#### Records to process:

::::::::

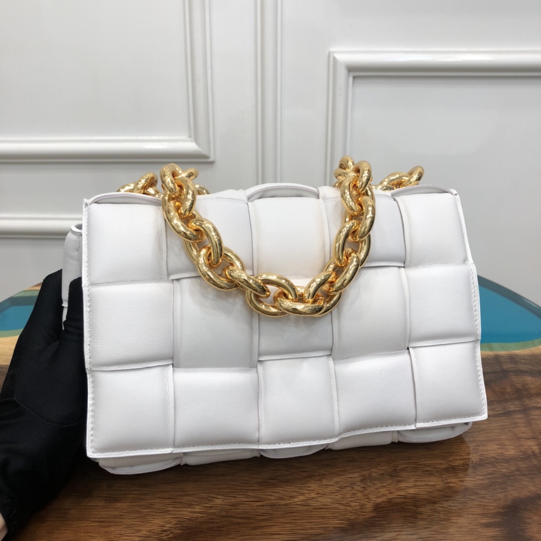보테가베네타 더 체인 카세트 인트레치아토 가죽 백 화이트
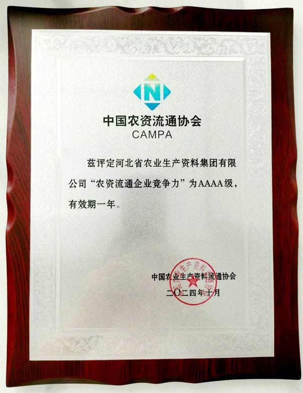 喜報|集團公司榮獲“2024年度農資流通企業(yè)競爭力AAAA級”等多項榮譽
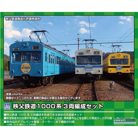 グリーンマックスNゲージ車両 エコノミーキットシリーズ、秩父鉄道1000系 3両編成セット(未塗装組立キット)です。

::::::::

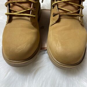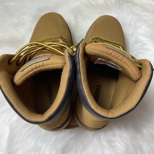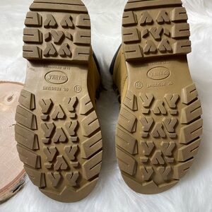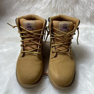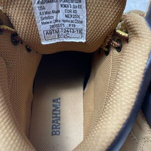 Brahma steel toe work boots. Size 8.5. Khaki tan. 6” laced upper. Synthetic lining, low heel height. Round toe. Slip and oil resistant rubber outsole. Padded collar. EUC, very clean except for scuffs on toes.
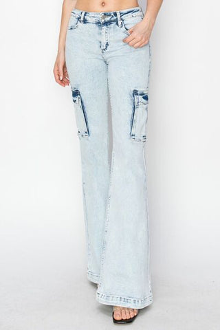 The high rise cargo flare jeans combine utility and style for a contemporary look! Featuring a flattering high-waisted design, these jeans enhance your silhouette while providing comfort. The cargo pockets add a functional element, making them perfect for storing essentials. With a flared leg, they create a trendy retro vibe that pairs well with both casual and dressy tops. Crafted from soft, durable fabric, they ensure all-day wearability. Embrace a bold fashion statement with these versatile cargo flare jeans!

::::::::

#### What is being asked:
Copy out exactly the lines above beginning with the line that contains "보테가베네타 더 체인 카세트 인트레치아토 가죽 백 화이트" and finishing with the line that contains "グリーンマックスNゲージ車両 エコノミーキットシリーズ、秩父鉄道1000系 3両編成セット(未塗装組立キット)です。", including both; leave the pictures out.

#### Solution below:
보테가베네타 더 체인 카세트 인트레치아토 가죽 백 화이트
 喜報|集團公司榮獲“2024年度農資流通企業(yè)競爭力AAAA級”等多項榮譽
 グリーンマックスNゲージ車両 エコノミーキットシリーズ、秩父鉄道1000系 3両編成セット(未塗装組立キット)です。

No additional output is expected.